Stockwatch – Calgary-based oil and gas company Suncor Energy Inc. (TSE:SU, Mkt cap 62.12B, P/E 16.43, Div/yield 0.28/2.64, EPS 2.58, Shares 1.47B) announced its financial results for the second quarter of 2014 at the end of July. The results indicate a sharp drop in net income – $211 million, down from $680 million in 2013’s second quarter.
However, the company marks a strong quarter when it comes to operating earnings – for 2014’s second quarter they stand at $1.135 billion (or $0.77 per common share), compared to $934 million ($0.62 per share) in the same period in 2013. Suncor’s cash flow from operations also saw an increase, reaching $2.406 billion ($1.64 per share), up from $2.250 billion ($1.49 per share) in last year’s comparable quarter.
The company explained in its announcement that the plunge in net earnings was due to after-tax impairment charges. Those charges amounted to $718 million against the company’s interest in the Joslyn mining project, $297 million against its Libyan assets, and $223 million in Oil Sands assets that no longer fit into Suncor’s future strategy.
On a positive note, Suncor’s portfolio, which now comprises almost 100% crude-oil weighted production, had a favourable influence on the company’s quarterly results.

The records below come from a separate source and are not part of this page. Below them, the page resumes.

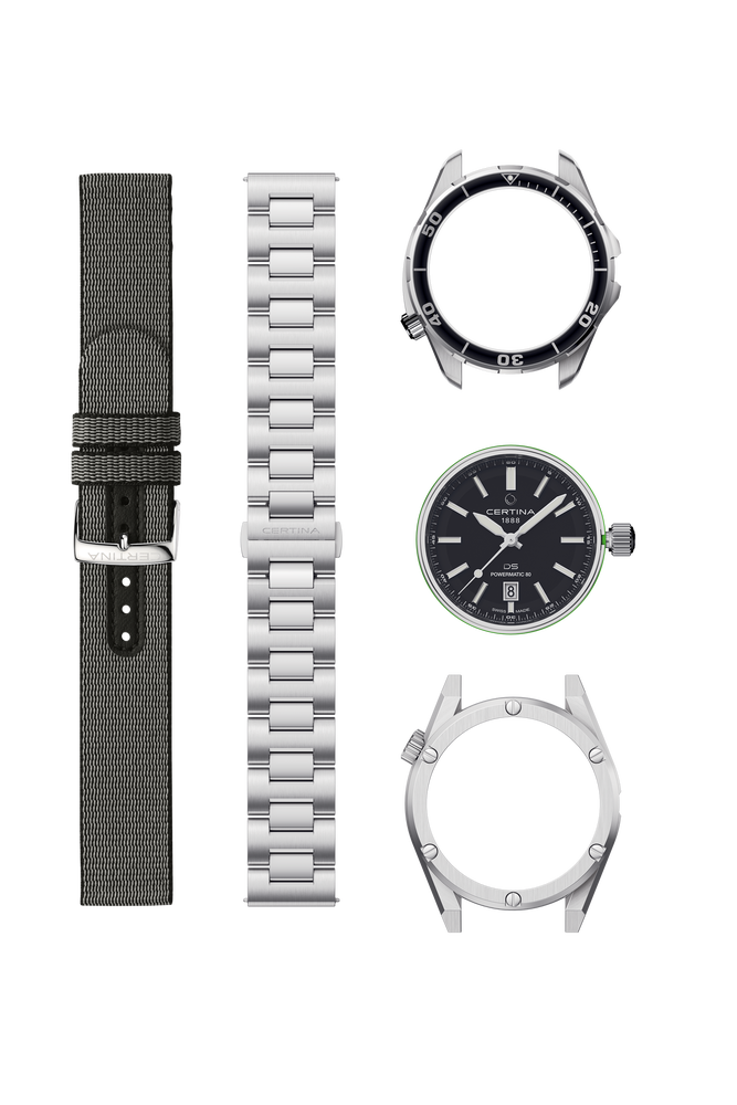 Мужские швейцарские модульные часы Certina DS+ C041.407.19.051.00. Модель DS+ представляет новую концепцию от Certina: часы с возможностью выбора не только ремешка, но и формы корпуса для создания кастомизированного аксессуара. Секрет DS+ заключается в конструкции, состоящей из трех частей: модуля механизма с циферблатом, корпуса и ремешка. Каждый из трех элементов представляет собой самостоятельную единицу. Модуль механизма круглой формы комбинируется с корпусами из нержавеющей стали и надежно закрепляется с помощью заводной головки на корпусе. Инновационная прокладка из биоматериала обеспечивает идеальное уплотнение. Ушки, расположенные на корпусе, позволяют использовать систему быстрой замены Certina для крепления выбранного ремешка. Современный механизм PowermaticPowermatic 80Эксклюзивный калибр от швейцарской компании ETA с увеличенным запасом хода до 80 часов за счёт удлинённой заводной пружины. Характеризуется улучшенной системой спуска со сниженным трением. с 80-часовым запасом хода и пружиной баланса NivachronTM. Наряду с часовой, минутной и секундной стрелками часы имеют окошко даты на отметке «6 часов». Благодаря сверхпрочной конструкции с завинчивающейся задней крышкой и завинчивающейся заводной головкой, часы обладают водонепроницаемостью до 20 бар (200 м). Сапфировое стекло устойчивое к появлению царапин, обладающее высокой прозрачностью. При изготовлении упаковки используются только перерабатываемые материалы – в полном соответствии с поставленными компанией целями устойчивого развития.
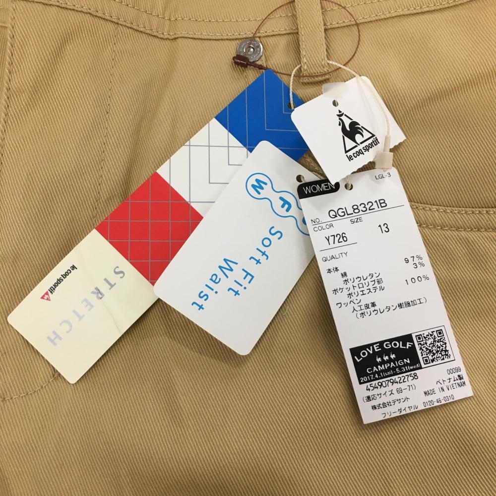 【新品】ルコックゴルフ パンツ ベージュ系×レッド サイドロゴ ストレッチ レディース 13 ゴルフウェア le coq sportif
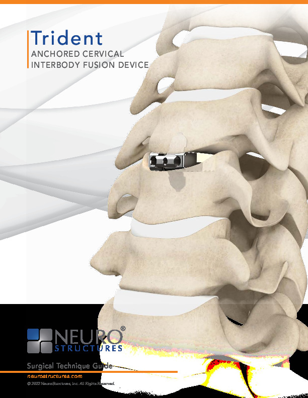 The Trident Anchored Cervical Interbody (ACI) fusion device by NeuroStructures/NuGen, is a lordotic zero-profile standalone PEEK and titanium spacer with an integrated anchor that allows for simple single-step implantation. It is designed as a radiolucent PEEK cage with a titanium anchor that is retractable for easy implant removal. The device is intended to be used with supplemental fixation (i.e. anterior cervical plate).
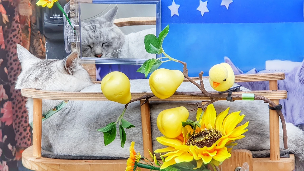 꼬리를 살랑살랑 흔들며 거울을
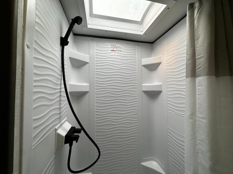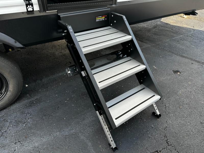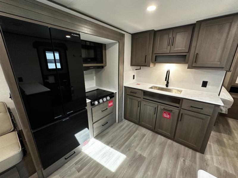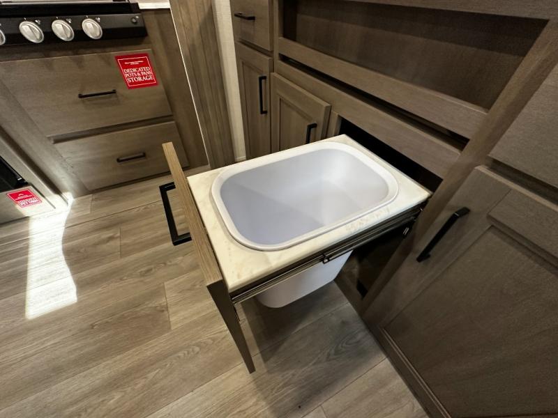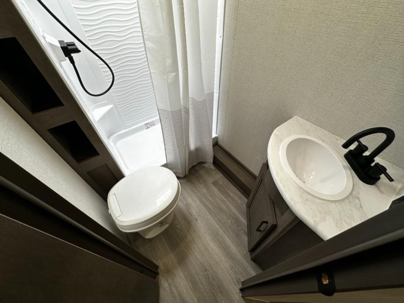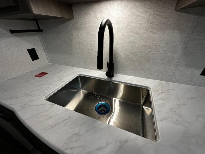 The fully equipped kitchen includes upgraded appliances, a deep stainless-steel sink, seamless countertops, and ample cabinet space to handle everything from quick snacks to full meals. The bathroom is conveniently located near the bunks and exterior door, making it easy to access whether you’re relaxing inside or coming in from a day outdoors.
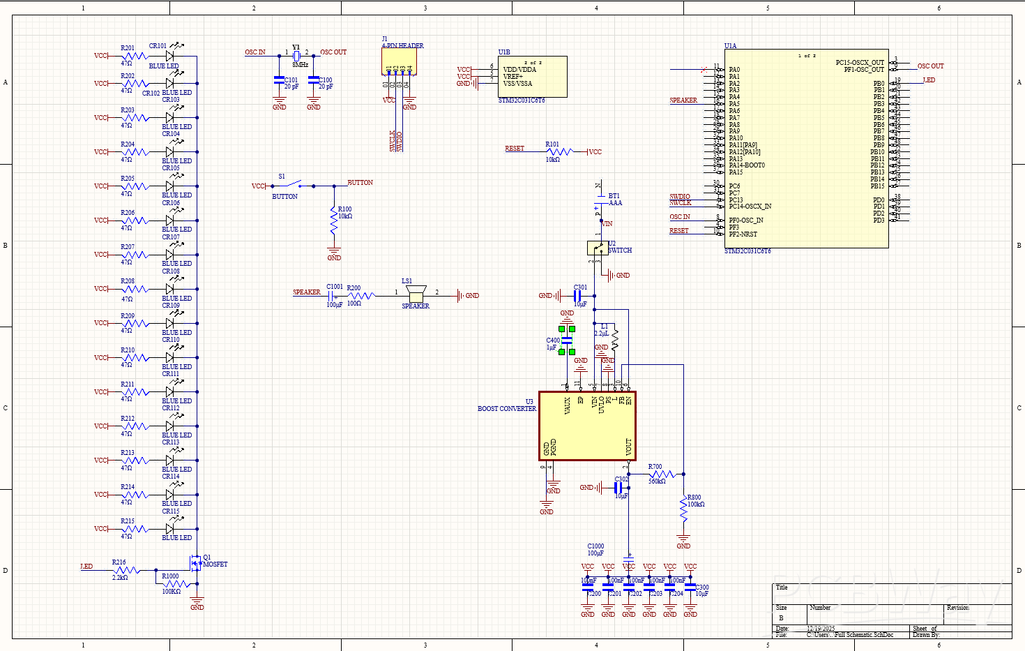 The MCU I chose was an STM32, which I'm clocking with an 8MHz crystal oscillator. The button and speaker are connected to GPIO pins in a standard configuration, and I've attached a 4-pin header for programming with an ST-Link. I'm planning on writing my code in C++ using MBED libraries as that's what I'm most familiar with. Also, to account for the current draw of the LEDs, I'm controlling them through a single GPIO pin with a MOSFET transistor as to not overload the chip.
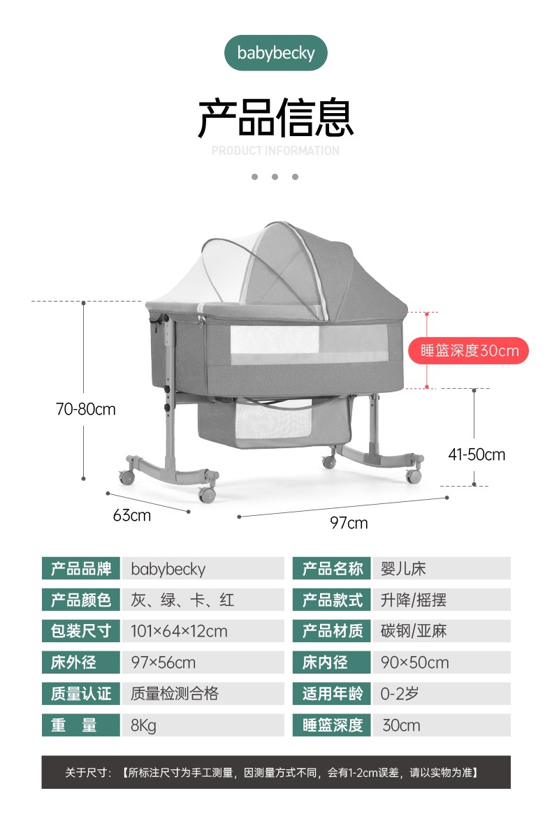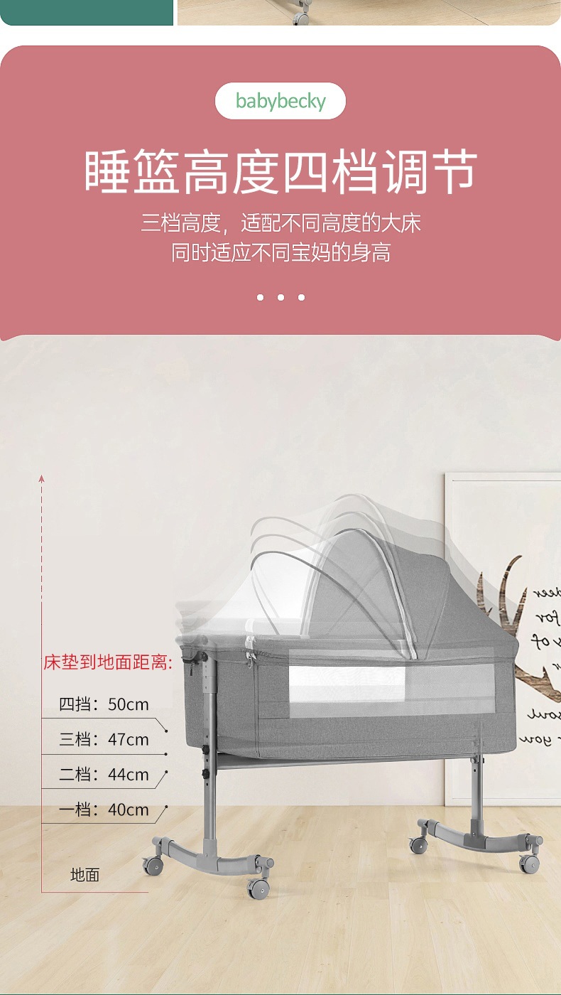 유아용 침대 접이식 휴대용 요람 침대 옆 침대 이동식 아기 침대 바구니 침대 신생아 접합 큰 침대스토어 가기

Suncor’s total upstream production saw a tangible increase, reaching 518,400 barrels of oil equivalent per day in 2014’s second quarter, from 500,100 barrels of oil equivalent per day in the same period of 2013.
As for the company’s future strategy, Suncor states it will continue to strive towards ensuring sustainable and reliable operations. The strategy involves continual investment in profitable growth, as well as ensuring that shareholders get good value through dividends and share repurchases.